(Stored dataset items)
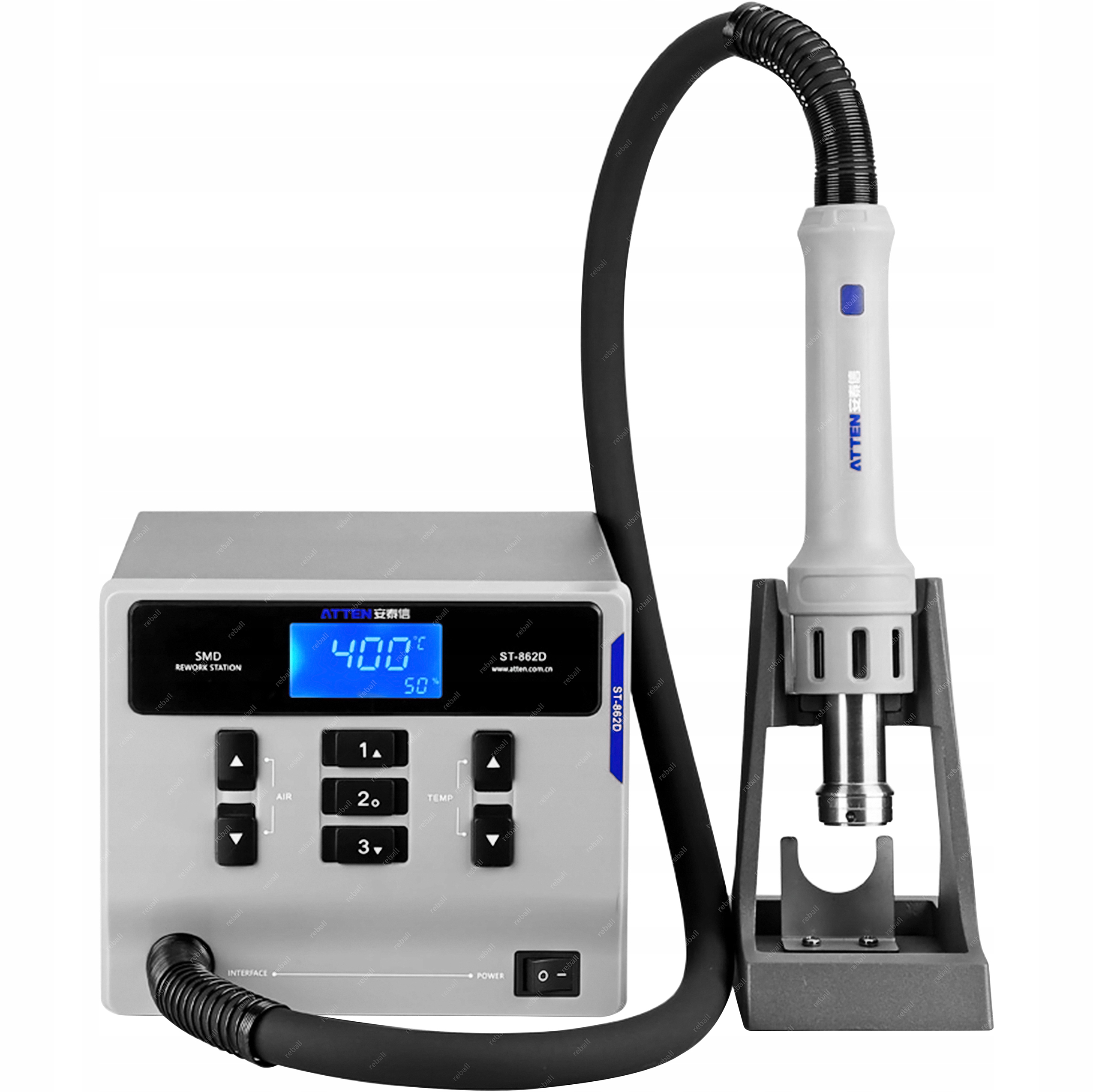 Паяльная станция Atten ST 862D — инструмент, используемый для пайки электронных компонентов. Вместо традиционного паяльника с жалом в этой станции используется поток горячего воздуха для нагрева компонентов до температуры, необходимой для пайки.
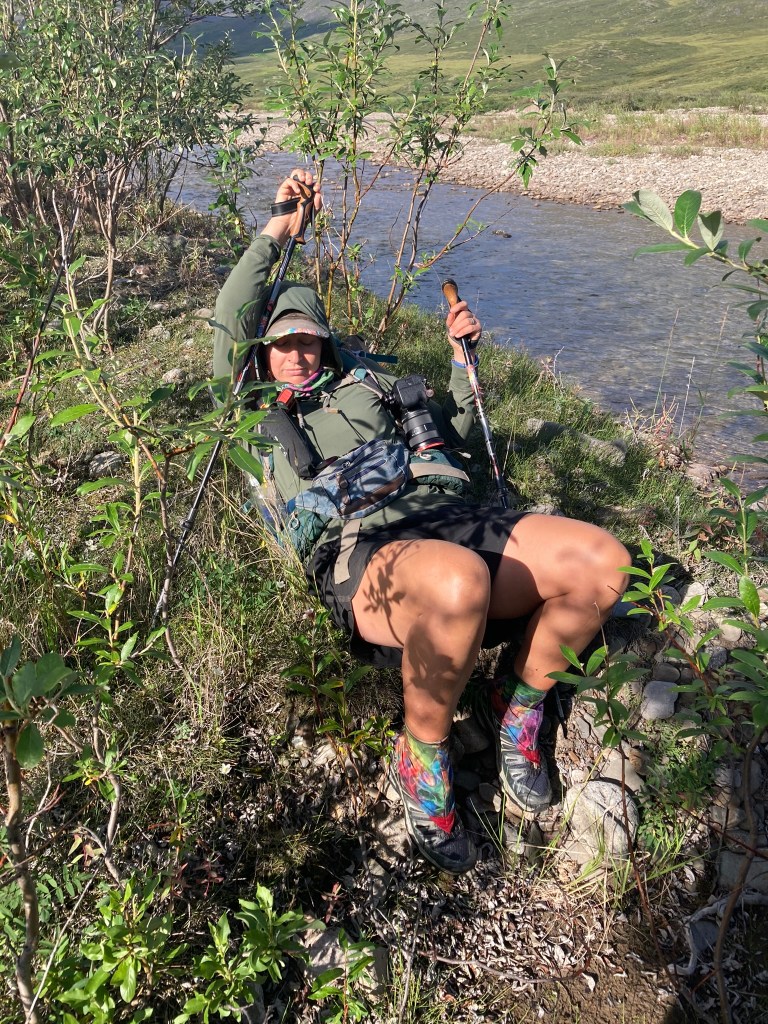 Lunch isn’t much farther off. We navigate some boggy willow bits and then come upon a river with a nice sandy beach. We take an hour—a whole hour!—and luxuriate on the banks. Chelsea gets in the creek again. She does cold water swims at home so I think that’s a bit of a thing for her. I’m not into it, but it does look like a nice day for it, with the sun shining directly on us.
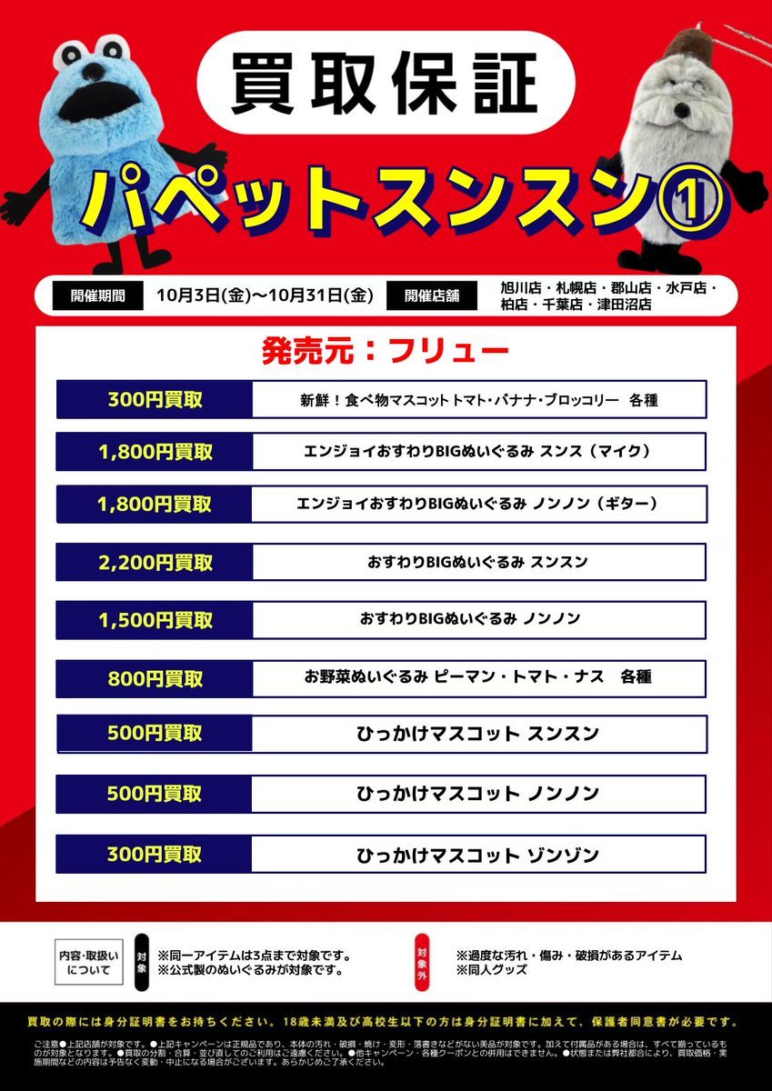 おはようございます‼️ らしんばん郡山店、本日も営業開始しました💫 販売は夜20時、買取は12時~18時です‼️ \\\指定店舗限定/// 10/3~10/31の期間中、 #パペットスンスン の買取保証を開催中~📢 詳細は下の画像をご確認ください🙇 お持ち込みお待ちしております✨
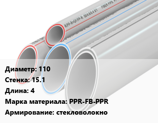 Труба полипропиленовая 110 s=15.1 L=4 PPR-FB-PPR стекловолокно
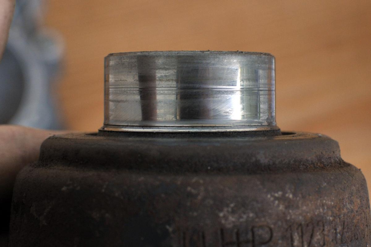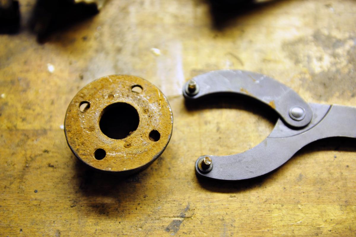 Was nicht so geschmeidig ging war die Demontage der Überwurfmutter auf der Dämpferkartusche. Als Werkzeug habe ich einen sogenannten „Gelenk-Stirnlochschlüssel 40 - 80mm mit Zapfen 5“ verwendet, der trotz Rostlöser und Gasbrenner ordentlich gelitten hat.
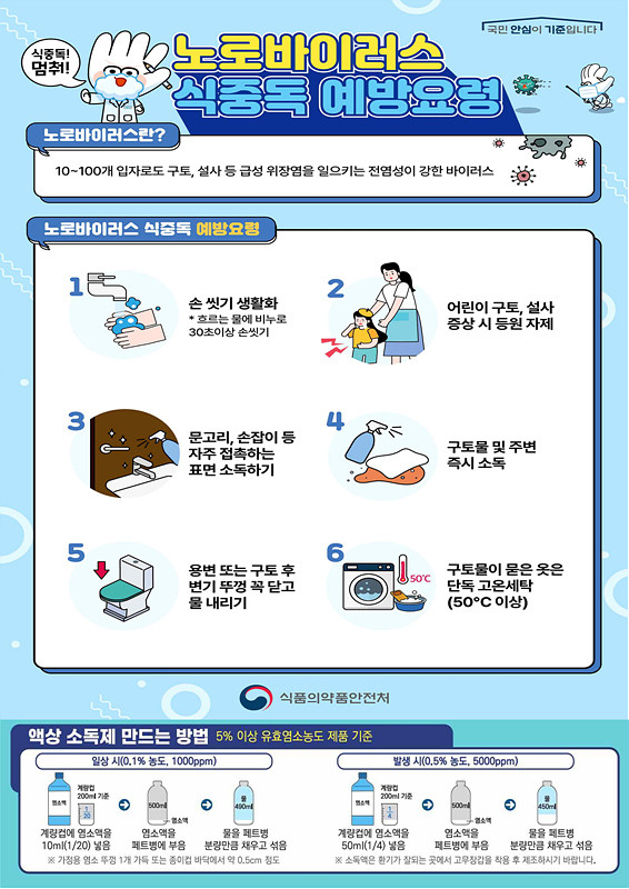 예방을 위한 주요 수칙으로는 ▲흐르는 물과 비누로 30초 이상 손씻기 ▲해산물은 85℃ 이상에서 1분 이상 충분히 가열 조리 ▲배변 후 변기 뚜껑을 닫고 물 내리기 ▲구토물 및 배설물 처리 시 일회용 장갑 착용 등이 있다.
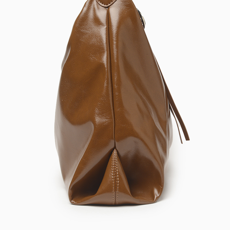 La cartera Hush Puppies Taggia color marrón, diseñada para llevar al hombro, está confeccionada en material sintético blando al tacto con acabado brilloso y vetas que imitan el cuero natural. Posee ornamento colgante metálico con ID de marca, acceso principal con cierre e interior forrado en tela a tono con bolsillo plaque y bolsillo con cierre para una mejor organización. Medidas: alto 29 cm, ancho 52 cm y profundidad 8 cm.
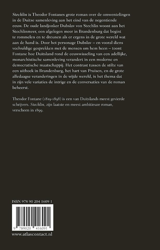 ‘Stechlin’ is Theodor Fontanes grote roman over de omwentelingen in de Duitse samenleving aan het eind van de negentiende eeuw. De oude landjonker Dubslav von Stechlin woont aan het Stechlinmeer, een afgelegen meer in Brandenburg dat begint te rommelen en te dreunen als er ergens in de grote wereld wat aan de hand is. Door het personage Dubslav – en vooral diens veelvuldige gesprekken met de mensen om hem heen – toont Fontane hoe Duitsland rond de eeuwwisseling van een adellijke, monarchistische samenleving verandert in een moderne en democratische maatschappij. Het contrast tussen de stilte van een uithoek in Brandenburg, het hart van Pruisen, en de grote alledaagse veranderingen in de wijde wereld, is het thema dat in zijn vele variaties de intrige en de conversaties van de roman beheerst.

WORK REQUEST.
None of the pictures should be copied, but every record above must be returned exactly.

SOLUTION FOR THIS TASK.
 Паяльная станция Atten ST 862D — инструмент, используемый для пайки электронных компонентов. Вместо традиционного паяльника с жалом в этой станции используется поток горячего воздуха для нагрева компонентов до температуры, необходимой для пайки.
 Lunch isn’t much farther off. We navigate some boggy willow bits and then come upon a river with a nice sandy beach. We take an hour—a whole hour!—and luxuriate on the banks. Chelsea gets in the creek again. She does cold water swims at home so I think that’s a bit of a thing for her. I’m not into it, but it does look like a nice day for it, with the sun shining directly on us.
 おはようございます‼️ らしんばん郡山店、本日も営業開始しました💫 販売は夜20時、買取は12時~18時です‼️ \\\指定店舗限定/// 10/3~10/31の期間中、 #パペットスンスン の買取保証を開催中~📢 詳細は下の画像をご確認ください🙇 お持ち込みお待ちしております✨
 Труба полипропиленовая 110 s=15.1 L=4 PPR-FB-PPR стекловолокно
 Was nicht so geschmeidig ging war die Demontage der Überwurfmutter auf der Dämpferkartusche. Als Werkzeug habe ich einen sogenannten „Gelenk-Stirnlochschlüssel 40 - 80mm mit Zapfen 5“ verwendet, der trotz Rostlöser und Gasbrenner ordentlich gelitten hat.
 예방을 위한 주요 수칙으로는 ▲흐르는 물과 비누로 30초 이상 손씻기 ▲해산물은 85℃ 이상에서 1분 이상 충분히 가열 조리 ▲배변 후 변기 뚜껑을 닫고 물 내리기 ▲구토물 및 배설물 처리 시 일회용 장갑 착용 등이 있다.
 La cartera Hush Puppies Taggia color marrón, diseñada para llevar al hombro, está confeccionada en material sintético blando al tacto con acabado brilloso y vetas que imitan el cuero natural. Posee ornamento colgante metálico con ID de marca, acceso principal con cierre e interior forrado en tela a tono con bolsillo plaque y bolsillo con cierre para una mejor organización. Medidas: alto 29 cm, ancho 52 cm y profundidad 8 cm.
 ‘Stechlin’ is Theodor Fontanes grote roman over de omwentelingen in de Duitse samenleving aan het eind van de negentiende eeuw. De oude landjonker Dubslav von Stechlin woont aan het Stechlinmeer, een afgelegen meer in Brandenburg dat begint te rommelen en te dreunen als er ergens in de grote wereld wat aan de hand is. Door het personage Dubslav – en vooral diens veelvuldige gesprekken met de mensen om hem heen – toont Fontane hoe Duitsland rond de eeuwwisseling van een adellijke, monarchistische samenleving verandert in een moderne en democratische maatschappij. Het contrast tussen de stilte van een uithoek in Brandenburg, het hart van Pruisen, en de grote alledaagse veranderingen in de wijde wereld, is het thema dat in zijn vele variaties de intrige en de conversaties van de roman beheerst.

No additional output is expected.